The place of closures in functional programming - functional-programming

I have watched the talk of Robert C Martin "Functional Programming; What? Why? When?"
https://www.youtube.com/watch?v=7Zlp9rKHGD4
The main message of this talk is that a state is unacceptable in functional programming.
Martin goes even further, claims that assigments are 'evil'.
So... keeping in mind this talk my question is, where is a place for closure in functional programming?
When there is no state or no variable in a functional code, what would be a main reason to create and use such closure (closure that does not enclose any state, any variable)? Is the closure mechanism useful?
Without a state or a variable, (maybe only with immutables ids), there is no need to reference to a current lexical scope (there is nothing that could be changed)?
In this approach, that is enough to use Java-like lambda mechanism, where there is no link to current lexical scope (that's why the variables have to be final).
In some sources, closures are meant to be a must have element of functional language.

A lexical scope that can be closed over does not need to be mutable to be useful. Just consider curried functions as an example:
add = \a -> \b -> a+b
add1 = add(1)
add3 = add(3)
[add1(0), add1(2), add3(2), add3(5)] // [1, 2, 5, 8]
Here, the inner lamba closes over the value of a (or over the variable a, which doesn't make a difference because of immutability).
Closures are not ultimately necessary for functional programming, but local variables are not either. Still, they're both very good ideas. Closures allow for a very simple notation of the most(?) important task of functional programming: to dynamically create new functions with specialised behaviour from an abstracted code.
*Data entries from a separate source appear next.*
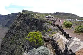 Pas de Bellecombe-Jacob is a mountain pass and vista point overlooking Enclos Fouqué, the last caldera formed by Piton de la Fournaise, the active volcano on the eastern side of Réunion island (a French department) in the Indian Ocean.
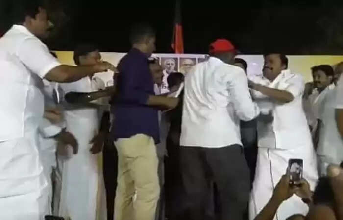 திமுகவினரின் சுயரூபம் அடிக்கடி இப்படி வெளிப்பட்டு விடுகிறது உபிஎஸ் இதை வரவேற்பார்களா ?எதிர்பார்களா? என்று பலரும் கண்டனம் தெரிவித்து வருகின்றனர். ஒருவர் கல்லால் அடிக்கிறார் ஒருவர் கையால் அடிக்கிறார் . உங்கள் பிழைப்பு நாய் பிழப்பாக இருக்கும் போல தெரிகிறது. பாவம் உபிஸ் என்று வீடியோவை பார்த்து கமெண்ட் அடித்து வருகின்றார்கள்.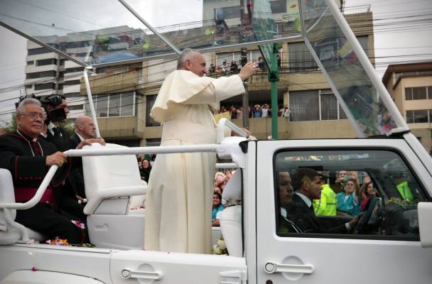 QUITO( Agencia Xinhua) El papa Francisco (c) saluda durante un recorrido por las calles de Quito, capital de Ecuador, el 5 de julio de 2015. El papa Francisco se encuentra en Ecuador para una visita pastoral de tres días, como parte de una gira latinoamericana que finalizará el 13 de julio y que incluye a Paraguay y Bolivia.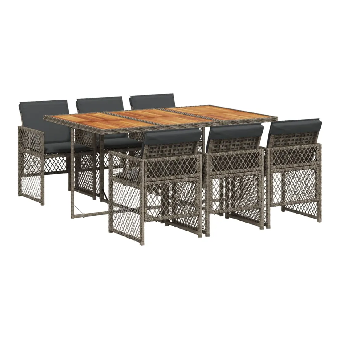 Cet ensemble de salle à manger de jardin est un excellent choix pour les repas en plein air ou pour vous détendre dans le jardin, l'arrière-cour ou le patio. Matériau durable : la résine tressée, également connue sous le nom de poly rotin, est un matériau synthétique solide et nécessitant peu d'entretien qui ressemble au rotin naturel. Elle est légère, facile à nettoyer et couramment utilisée pour les meubles d'extérieur en raison de sa durabilité et de ses propriétés de résistance aux intempéries. Dessus stable et facile à nettoyer : cette table de jardin a un dessus en bois d'acacia robuste, durable et facile à nettoyer avec un chiffon humide. Rangement compact : ces chaises sont dotées d'un dossier rabattable, ce qui permet de les ranger facilement sous la table. Une fois pliées, elles se rangent parfaitement sous la table, formant un cube peu encombrant. Expérience d'assise confortable : ce mobilier d'extérieur, doté de coussins épais, offre une expérience d'assise confortable. Housse amovible et lavable : ces coussins de siège sont dotés de housses amovibles pour un lavage et un entretien faciles. Les housses de coussin de chaise ont un rabat à l'arrière pour une fixation facile aux chaises. Bon à savoir :Pour que vos meubles d'extérieur restent beaux, nous vous recommandons de les protéger avec une housse imperméable.

You use closures as you would in a language with mutable variables. The difference is obviously that they (usually) can't be modified.
The following is a simple example, in Clojure (which ironically I'm writing with right now):
(let [a 10
f (fn [b]
(+ a b))]
(println (f 4))) ; Prints "14"
The main benefit to closures in a case like this is I can "partially apply" a function using a closure, then pass the partially applied function around, instead of needed to pass the non-applied function, and any data I'll need to call it (very useful, in many scenarios). In the below example, what if I didn't want to call the function right away? I would need to pass a with it so it's available when f is called.
But you could also add some mutability into the mix if you deemed it necessary (although, as #Bergi points out, this example is "evil"):
(let [a (atom 10) ; Atoms are mutable
f (fn [b]
(do
(swap! a inc) ; Increment a
(+ #a b)))]
(println (f 4)) ; Prints "15"
(println (f 4))); Prints "16"
In this way you can emulate static variables. You can use this to do cool things like define memoize. It uses a "static variable" to cache the input/output of referentially transparent functions. This increases memory use, but can save CPU time if used properly.
I have to disagree with being against the idea of having a state. States aren't evil; they're necessary. Every program has a state. Global, mutable states are evil.
Also note, you can have mutability, and still program functionally. Say I have a function, containing a map over a list. Also say, I need to maintain an accumulator while mapping. I really have 2 options (ignoring "doing it manually"):
Switch the map to a fold.
Create a mutable variable, and mutate it while mapping.
Although option one should be preferred, both these methods can be utilized during functional programming. From the view of "outside the function", there would be no difference, even if one version is internally using a mutable variable. The function can still be referentially transparent, and pure, since the only mutable state being affected is local to the function, and can't possibly effect anything outside.
Example code mutating a local variable:
(defn mut-fn [xs]
(let [a (atom 0)]
(map
(fn [x]
(swap! a inc) ; Increment a
(+ x #a)) ; Set the accumulator to x + a
xs)))
Note the variable a cannot be seen from outside the function, so any effect it has can in no way cause global changes. The function will produce the same output for each input, so it's effectively pure.

Related

What are the typical use-cases of (defun (setf …)) defsetf and define-setf-expander

When developing with Common Lisp, we have three possibilities to define new setf-forms:
We can define a function whose name is a list of two symbols, the first one being setf, e.g. (defun (setf some-observable) (…)).
We can use the short form of defsetf.
We can use the long form of defsetf.
We can use define-setf-expander.
I am not sure what is the right or intended use-case for each of these possibilities.
A response to this question could hint at the most generic solution and outline contexts where other solutions are superior.
define-setf-expander is the most general of these. All of setf's functionality is encompassed by it.
Defining a setf function works fine for most accessors. It is also valid to use a generic function, so polymorphism is insufficient to require using something else. Controlling evaluation either for correctness or performance is the main reason to not use a setf function.
For correctness, many forms of destructuring are not possible to do with a setf function (e.g. (setf (values ...) ...)). Similarly I've seen an example that makes functional data structures behave locally like a mutable one by changing (setf (dict-get key some-dict) 2) to assign a new dictionary to some-dict.
For performance, consider the silly case of (incf (nth 10000 list)) which if the nth writer were implemented as a function would require traversing 10k list nodes twice, but in a setf expander can be done with a single traversal.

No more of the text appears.